Es gibt keine Eclipse Updatesite für Tomcat, du meinst die WTP, lade dir am besten gleich die JEE Edition von Eclipse runter.


----------



## aha_01 (21. Jan 2010)

ich habe die JEE Version von Eclipse 3.5 Galileo.
Hat keiner eine Idee?


----------



## maki (21. Jan 2010)

Was ist dein dann dein Problem? 

Willst du Tomcat?
Runterladen & entpacken und dann die WTP Server konfigurieren.


----------



## aha_01 (22. Jan 2010)

> Was ist dein dann dein Problem?
> Willst du Tomcat?
> Runterladen & entpacken und dann die WTP Server konfigurieren.


Danke für die Antwort,
mein Problem ist dann 


> WTP Server konfigurieren.


Wenn ich ein link zu einem guten Tutorial hätte wäre optimal 
Und noch eine Frage wie kann ich wissen ob mein Eclipse Galileo WTP beinhaltet ???:L

Grüße
Aha


----------



## maki (22. Jan 2010)

Wenn du die Eclipse JEE Version, hast du WTP.

Servlet and JSP development with Eclipse WTP - Tutorial
Installeirt hast du es bereits, also kannst du den Teil überspringen.


----------



## Noctarius (22. Jan 2010)

Indem du die EE Variante ziehst und entpackst.

Window/Preferences/Server/Runtime Environments -> Add -> Apache Tomcat 6.0 -> Next -> Pfad auswählen -> ...

Dann ein neues Serverprojekt erstellen:
File/New/Other... -> Server/Server -> Next -> Tomcat v6.0 Server und passende Runtime nehmen -> ...
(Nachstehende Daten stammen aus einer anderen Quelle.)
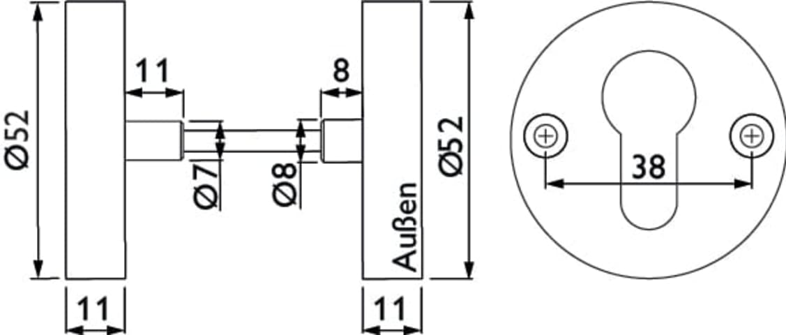 Schutz-Außenrosette 2032 S-ER, PZ - 11 mm Außenrosettenhöhe, inkl. Schrauben für TS 36-53, 66-83, 76-93 mm, Schraubenlängen - M5 x 50/80/90, Oberfl. 60 (Edelstahl matt)
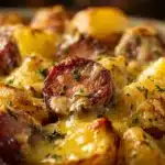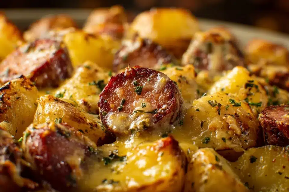 This recipe brings together humble ingredients and turns them into a craveable, rustic meal that always disappears fast—whether you’re feeding a hungry family or hosting game day guests. You get golden potatoes crisped to perfection, slices of smoky sausage, and a creamy, cheesy finish that ties it all together.

edit: pah war der schneller *schubst*


----------



## aha_01 (22. Jan 2010)

Danke,
ich lese mir das Tutorial und schau ich mal wie schlauer ich dann geworden bin :rtfm:


----------



## aha_01 (22. Jan 2010)

habe Tomcat installiert und kann nun Tomcat von Eclipse starten und stoppen.
Was mich stört ist dass ich beim Starten des Servers durch eclipse den folgenden Fehler finde: :shock:


> INFO: The APR based Apache Tomcat Native library which allows optimal performance in production environments was not found on the java.library.path: C:\Programme\Java\jre6\bin;.;C:\WINDOWS\Sun\Java\bin;...


Wie kann ich diesen Fehler beseitigen?

Grüße
Aha


----------



## maki (22. Jan 2010)

Wie kommst du auf "Fehler"?
Da steht "INFO", nicht "ERROR"...


----------



## Noctarius (22. Jan 2010)

Wenn dich die Info nervt dann bau dir halt ein APR, aber ich würd's einfach ignorieren, juckt doch nicht die Zeile.


----------



## aha_01 (22. Jan 2010)

Alles klar :lol:

IGNORIERT


----------